▶ [EXERCISE INSTRUCTIONS]:
Could you restate word for word the lines running from the one with "男性向けラノベタイトル風あだ名 | 『とにの憂鬱』『ノーゲーム・ノートニ』 |" to the end of the data, both ends included, but without pictures?

▶ [THE RECORDS]:

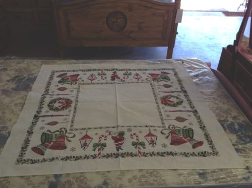 Title (ebay affiliate link): Vintage Christmas Tablecloth Approx. 50 X 45 Santa, Candy Canes And More Print
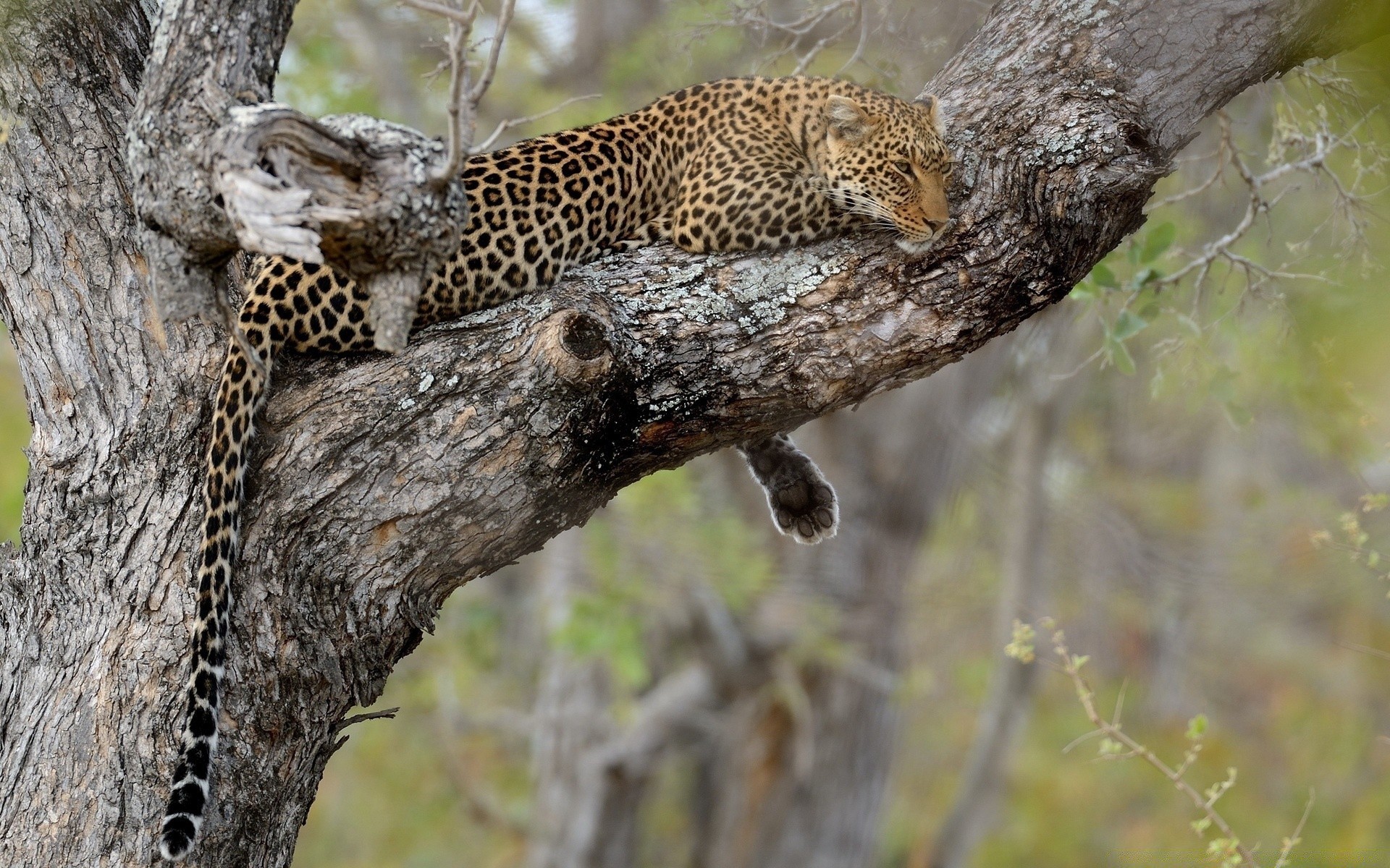 A leopard sleeps on a tree branch
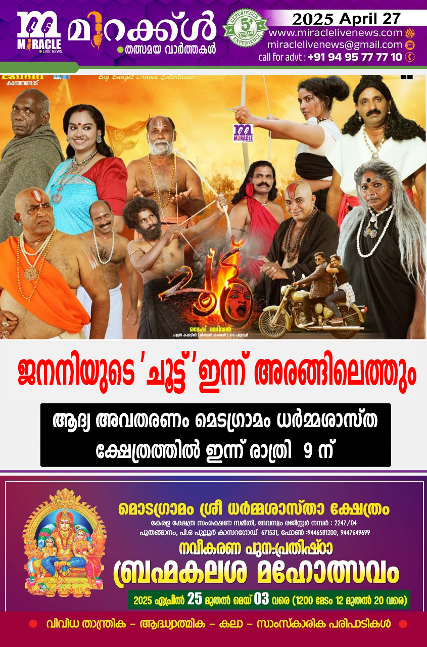 ജനനിയുടെ ‘ചൂട്ട് ‘ ഇന്ന് അരങ്ങിലെത്തും; ആദ്യ അവതരണം മൊടഗ്രാമം ധര്‍മ്മശാസ്ത ക്ഷേത്രത്തില്‍ ഇന്ന് രാത്രി 9 ന്
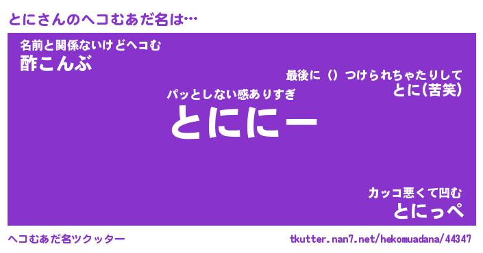 | 男性向けラノベタイトル風あだ名 | 『とにの憂鬱』『ノーゲーム・ノートニ』 |
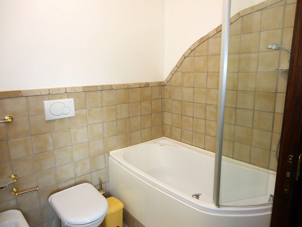 Il bagno è completo di tutti i sanitari ed è dotato di vasca-doccia.
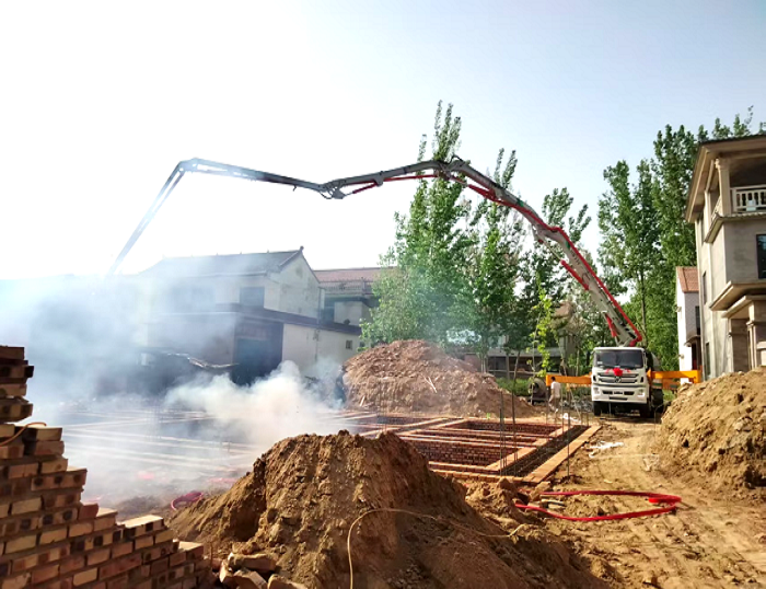 河南新農(nóng)居工地上,徐工33米泵車搭載徐汽底盤,征服泥濘坡道,靈活游走窄巷、鄉(xiāng)道,到達(dá)建筑房屋,長臂延展,將混凝土精準(zhǔn)送達(dá)房屋地基。
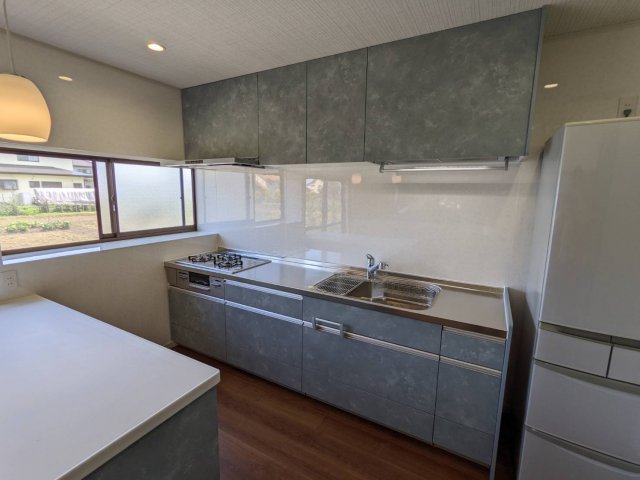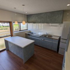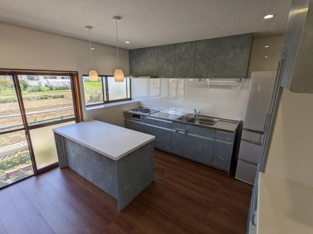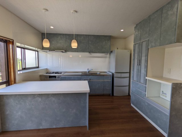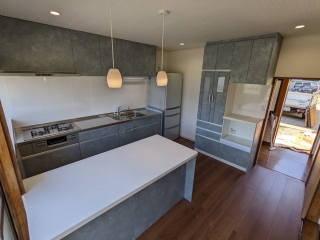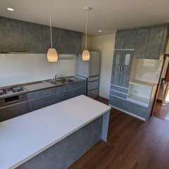 既存のシーリングライト1灯から、全体を照らすダウンライト4灯とキッチンカウンター用のペンダントライト2灯に変更。ダウンライトはシーンによって昼白色、蛍光色が切替えられる商品を、ペンダントは奥様の品の良いセンスで、落ち着いていて可愛らしいものをチョイス♪昼と夜で違った趣のあるキッチンが出来上がりました。
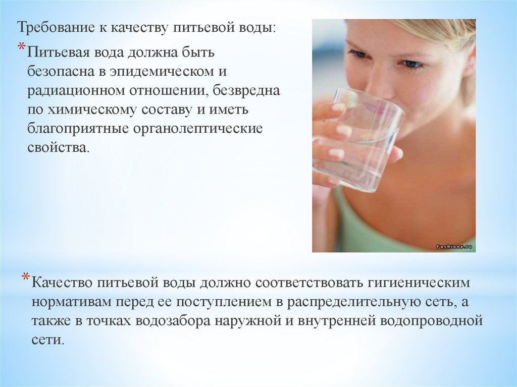 Требование к качеству питьевой воды:* Питьевая вода должна быть

▶ [TASK RESULT]:
 | 男性向けラノベタイトル風あだ名 | 『とにの憂鬱』『ノーゲーム・ノートニ』 |
 Il bagno è completo di tutti i sanitari ed è dotato di vasca-doccia.
 河南新農(nóng)居工地上,徐工33米泵車搭載徐汽底盤,征服泥濘坡道,靈活游走窄巷、鄉(xiāng)道,到達(dá)建筑房屋,長臂延展,將混凝土精準(zhǔn)送達(dá)房屋地基。
 既存のシーリングライト1灯から、全体を照らすダウンライト4灯とキッチンカウンター用のペンダントライト2灯に変更。ダウンライトはシーンによって昼白色、蛍光色が切替えられる商品を、ペンダントは奥様の品の良いセンスで、落ち着いていて可愛らしいものをチョイス♪昼と夜で違った趣のあるキッチンが出来上がりました。
 Требование к качеству питьевой воды:* Питьевая вода должна быть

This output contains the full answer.